El gobierno, con principal participación pública del ministro de Defensa, Eduardo del Castillo, mostró lo que ha llamado la “desarticulación” de un “consorcio delincuencial” conformado por jueces, fiscales y abogados que habrían facilitado la liberación de presos, incluidos algunos sentenciados, como es el caso de Richard Choque que mató a al menos cuatro personas y abusó de 77 mujeres. Sin embargo, para los grupos feministas es evidente que se trata de la punta de un iceberg.

El gobierno creó una comisión interinstitucional para revisar el tratamiento judicial de los casos de feminicidios y violaciones; sin embargo, esta comisión fue resultado de una propuesta fallida de la activista María Galindo que reclamó una “comisión de excepcionalidad histórica” independiente y profesional (en el tratamiento de las violencias machistas), para evitar que sea sujeto de presiones e intereses políticos y de poder económico.

Esta comisión también se creó luego de una masiva movilización de víctimas por los feminicidios y violaciones, realizada el 31 de enero, convocada por Mujeres Creando en La Paz y con el respaldo del Colectivo Mujer de Plata en Potosí, Mujeres de Fuego en Cochabamba, así como las Mochas Copleras en Tarija, además de grupos afines en Santa Cruz y otros puntos del país en que también se llevaron a cabo protestas.

 

En legítima defensa

En una conferencia de prensa realizada este lunes en la casa La Virgen de los Deseos, María Galindo dijo que a la comisión gubernamental y a las autoridades “no les vamos a dejar en paz”, ya que es un imperativo del reclamo de justicia ante los feminicidios y las violaciones que se registran en Bolivia: una mujer asesinada cada tres días y miles de violaciones al año. Por ello, las acciones que se lleven a cabo serán “en legítima defensa de la vida y las libertades de las mujeres”.

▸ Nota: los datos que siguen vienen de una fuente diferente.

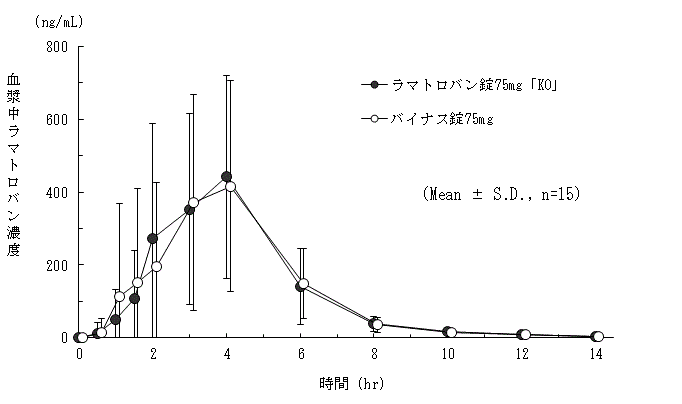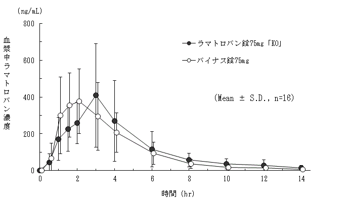 ラマトロバン錠75mg「KO」とバイナス錠75mgを、クロスオーバー法によりそれぞれ1錠(ラマトロバンとして75mg)健康成人男子に絶食及び食後単回経口投与して血漿中未変化体濃度を測定し、得られた薬物動態パラメータ(AUCt、Cmax)について90%信頼区間法にて統計解析を行った結果、log(0.80)~log(1.25)の範囲内であり、両剤の生物学的同等性が確認された7) 。

Una primera acción ha sido la convocatoria nacional a todas las víctimas y sus familiares (llamando al 70192001) para que en Mujeres Creando y su equipo jurídico se pueda realizar un registro y atención gratuita de todos los casos de feminicidio y violación. De esa manera, además, se tendrá una visión de conjunto de la gravedad de este tema en la justicia boliviana y también se tendrá la fuerza de la lucha colectiva.

 

Publicación de Mujeres Creando en la que llaman a la población a denunciar irregularidades en el tratamiento judicial de casos de feminicidios y violaciones

 

Un penal tomado por feminicidas

Este martes, en su programa en Radio Deseo, María Galindo, mediante el testimonio al que le aplicó el secreto de fuente, denunció que el penal de San Pedro de La Paz está dirigido por reos feminicidas, quienes extorsionan y controlan a otros presos; sobornan al mismo gobernador del penal, el coronel José Luis Morales del Castillo, de quien obtienen privilegios; y pagan a jueces y fiscales para lograr salir de prisión.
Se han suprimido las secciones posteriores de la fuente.